Anyone who is part of GCY is familiar with the idea of the single story. It refers to a common thread in most Americans’ view of the world. When we think about other countries, especially less developed ones, we tend to be content considering only one narrative of how the people live their lives. In Africa, we imagine huts, savannas and lions, in China, rice paddies and triangle shaped hats. In Ecuador, most imagine dirt floors and poor farmers. For this reason, the most valuable lesson we learn from traveling, is how short-sighted one narrative is to define an entire country. However, not everyone has the privilege of being able to travel to Ecuador. For this reason, I would like to share with you the most impactful parts of indigenous culture. Things that contradicted how I saw the world, and how many Americans see the world.
Indigenous people live all over Ecuador, each tribe speaking its own language. Most of the tribes struggle to survive, being displaced by oil ventures in the Amazon or development on the coast. However, the Kichwa people in the mountains of Ecuador all speak dialects of the same language, Kichwa.
The Kichwa people in Otavalo, the region where I lived, are unique because the city of Otavalo is in part run by the Kichwa people. In Otavalo, the Kichwa celebrate their culture and are not ostracized for their long hair and clothing as they are in much of Ecuador. Kichwa Otavalo, the dialect used Otavalo, is spoken daily, so I had the privilege of living in the only place in the world, where it is possible to learn about Kichwa culture and language.
Kichwa Otavalo women wear beautiful shirts, hand embroidered with colorful flowers, paired with a long skirt, held up by a colorful cloth called a faja. They also wear golden earrings, golden tiered necklaces and long coral bracelets called manillas. Every time my mother went out, she would put on this ensemble and present herself as a Kichwa woman. Whether she was going to the city, or to pick up some cloth, she always put on this outfit. The clothes of the Kichwa Otavalo are a huge part of their identity, and seeing so many women walking down the streets of a bustling city, wearing such distinctly Kichwa clothing, created a sense of community and pride in their ancestry.

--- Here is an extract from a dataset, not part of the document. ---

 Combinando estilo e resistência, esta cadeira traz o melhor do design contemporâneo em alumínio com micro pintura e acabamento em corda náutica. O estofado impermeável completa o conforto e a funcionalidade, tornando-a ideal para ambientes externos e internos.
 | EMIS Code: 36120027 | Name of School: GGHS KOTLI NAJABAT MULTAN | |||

Comadre or compadre identify people who you have chosen as godparents for your child or as the godparents for your first communion or wedding. Your comadre and their families become an extension of your own. And since Kichwa people get godparents for baptism, first communions and weddings, a lot of people in your community end up being your comadres. As my host mother walked down the street, every other person she would greet as a comadre. This practice changes the way families are in Kichwa culture. They are extensive and facilitate a greater sense of community. Especially since families either move far away or stay in the same town. In Ilumán, where I lived, my great aunts and uncles lived two doors down or a block away. I really liked this way of expanding the family. It really meant a lot to become someones godparent, and being asked to be a godparent was a sincere gesture of trust and friendship.

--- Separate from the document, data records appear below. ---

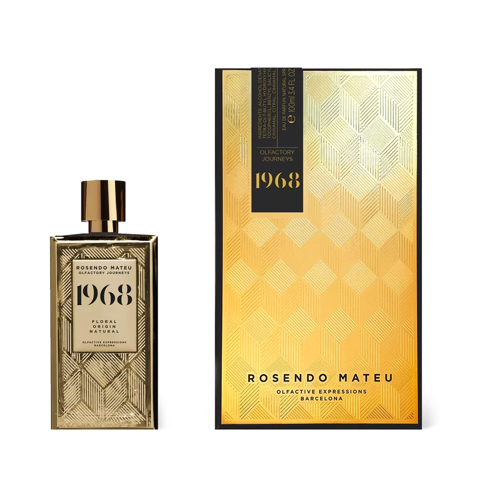 Rosendo Mateu 1968 is inspired by the origins of the master, his awakening to the world of fragrances and perfumes, his studies in Grasse where he acquired the knowledge of the main natural ingredients used in perfumery. 1968 is a fresh, floral, natural fragrance, based on the overwhelming fragrance of tuberose, sophisticated and sensuous. It is a clean green tuberose creation with rose, aromatic notes; and a base of vanilla, musk and woody notes which give the fragrance a delightful ending.
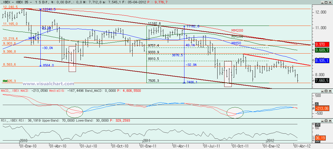 Lunes 09 de Abril de 2012: Tras el parón por la Semana Santa volvemos con el análisis diario del Ibex. El jueves volvimos a hacer un nuevo mínimo por debajo de los de sesiones precedentes, llegando a la zona de mínimos de septiembre (aunque sin tocar ese mínimo) para al final de sesión rebotar y cerrar planos. La vela diaria en forma de martillo en zona de soporte podía anunciarnos un giro, pero hay que tener cuidado, como vamos a ver a continuación. Vayamos con los gráficos.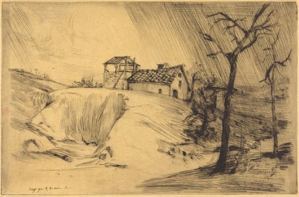 Alphonse Legros created this etching of a farm during a storm, capturing a scene laden with symbolic weight. The turbulent sky, heavy with rain, evokes a sense of impending doom, a motif deeply rooted in human consciousness. Consider the deluge. Across cultures, floods represent cleansing, destruction, and rebirth. Think of the Mesopotamian flood myths or the biblical story of Noah. Such tales tap into a primal fear of nature's power, a collective memory of vulnerability. Yet, they also promise renewal. The storm, then, is not merely a meteorological event but a powerful symbol of transformation. Look at the contrast between the darkened foreground and the distant, faintly lit horizon. This interplay of light and shadow creates a tension, a visual drama that mirrors the emotional turmoil of the scene. It’s a technique reminiscent of the chiaroscuro used by Renaissance masters, like Leonardo da Vinci, to convey depth and emotional intensity. The human psyche, attuned to such contrasts, instinctively reads them as indicators of conflict and resolution. This image is a cyclical return. It’s a reminder that destruction and creation are intertwined, continuously resurfacing in our collective consciousness.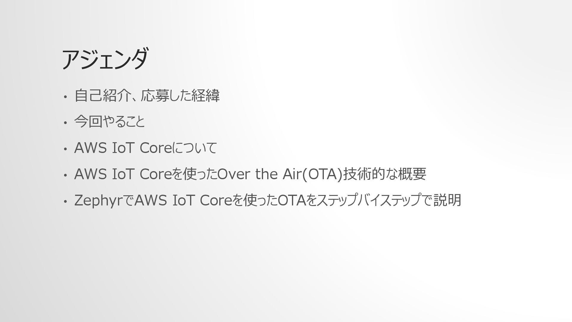 AWS IoT Coreを使ったOver the Air(OTA)技術的な概要 • ZephyrでAWS IoT Coreを使ったOTAをステップバイステップで説明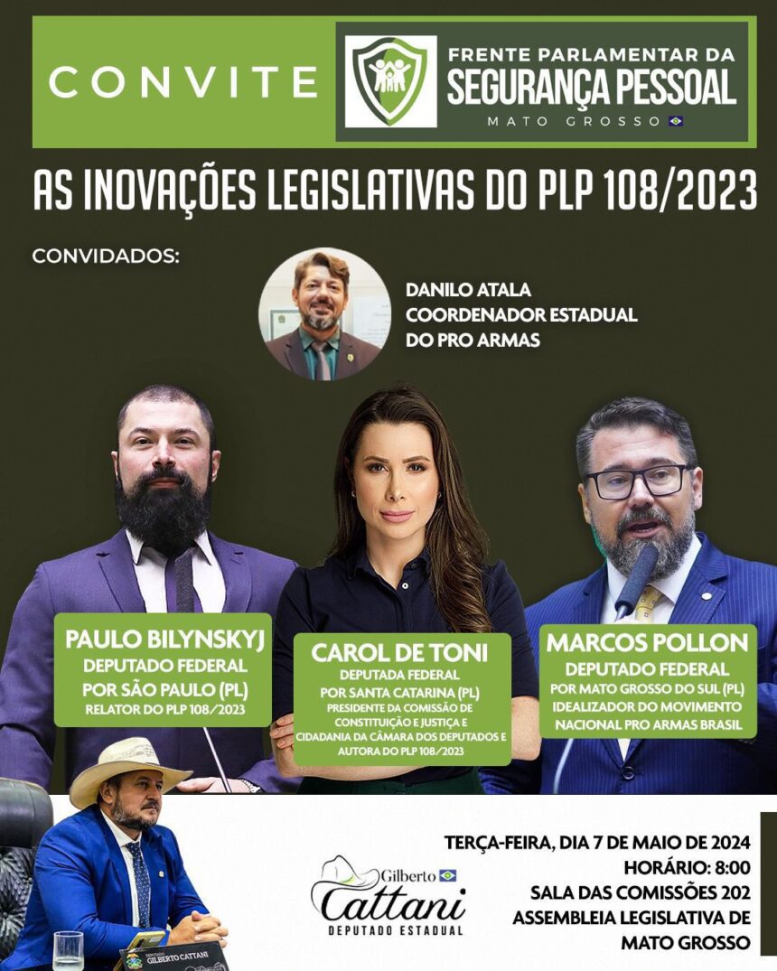 A Frente Parlamentar da Segurança Pessoal da Assembleia Legislativa de Mato Grosso vai debater, em reunião nesta terça-feira (7), as inovações do Projeto de Lei Complementar (PLP) 108/2023, que autoriza os estados e o Distrito Federal a legislarem sobre posse e o porte de armas de fogo.

Tumarina is a Kichwa ritual that is performed in springtime. It is paired with the celebration of the new year, which, according to the Kichwa calendar, begins in February. It consists of filling a bowl with water and flower petals, then scooping water and petals out of the bowl and placing them on top of someone’s head and saying a blessing for their future. The ritual symbolizes love and respect given from one person to another and is usually performed by an elder or godparent. The water is taken from a spring and symbolizes people’s connection to the earth, pachamama in Kichwa, while the flower petals symbolize connection to the sun, or Tayta Inti. I really like this ritual because it reinforces the strong familial and community ties that create the Kichwa culture. Keeping this ritual alive also honors and celebrates Kichwa culture itself and gives Kichwa people a space to celebrate themselves and each other.

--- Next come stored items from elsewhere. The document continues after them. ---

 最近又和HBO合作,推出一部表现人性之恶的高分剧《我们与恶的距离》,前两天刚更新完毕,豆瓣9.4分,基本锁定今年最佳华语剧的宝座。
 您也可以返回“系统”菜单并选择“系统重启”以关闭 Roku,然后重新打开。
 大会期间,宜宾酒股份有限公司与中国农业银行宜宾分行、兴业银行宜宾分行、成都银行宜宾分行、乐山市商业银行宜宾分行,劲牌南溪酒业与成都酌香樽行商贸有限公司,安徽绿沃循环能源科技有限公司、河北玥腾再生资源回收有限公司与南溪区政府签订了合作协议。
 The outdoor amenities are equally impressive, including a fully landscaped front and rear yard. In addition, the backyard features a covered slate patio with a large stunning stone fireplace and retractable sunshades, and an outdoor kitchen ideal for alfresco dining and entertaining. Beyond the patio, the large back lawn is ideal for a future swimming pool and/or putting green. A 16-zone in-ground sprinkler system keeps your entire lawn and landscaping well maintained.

There is so much more to say about the Kichwa Otavalo but these moments were the ones that stuck with me and made me reflect on myself and where I come from. Learning from other cultures gives us so many lessons to reflect on, but I think it also gives us a chance to look back at our own cultures. America is very different from Ecuador, there are more people, it is physically bigger, and has a very different way of looking at community.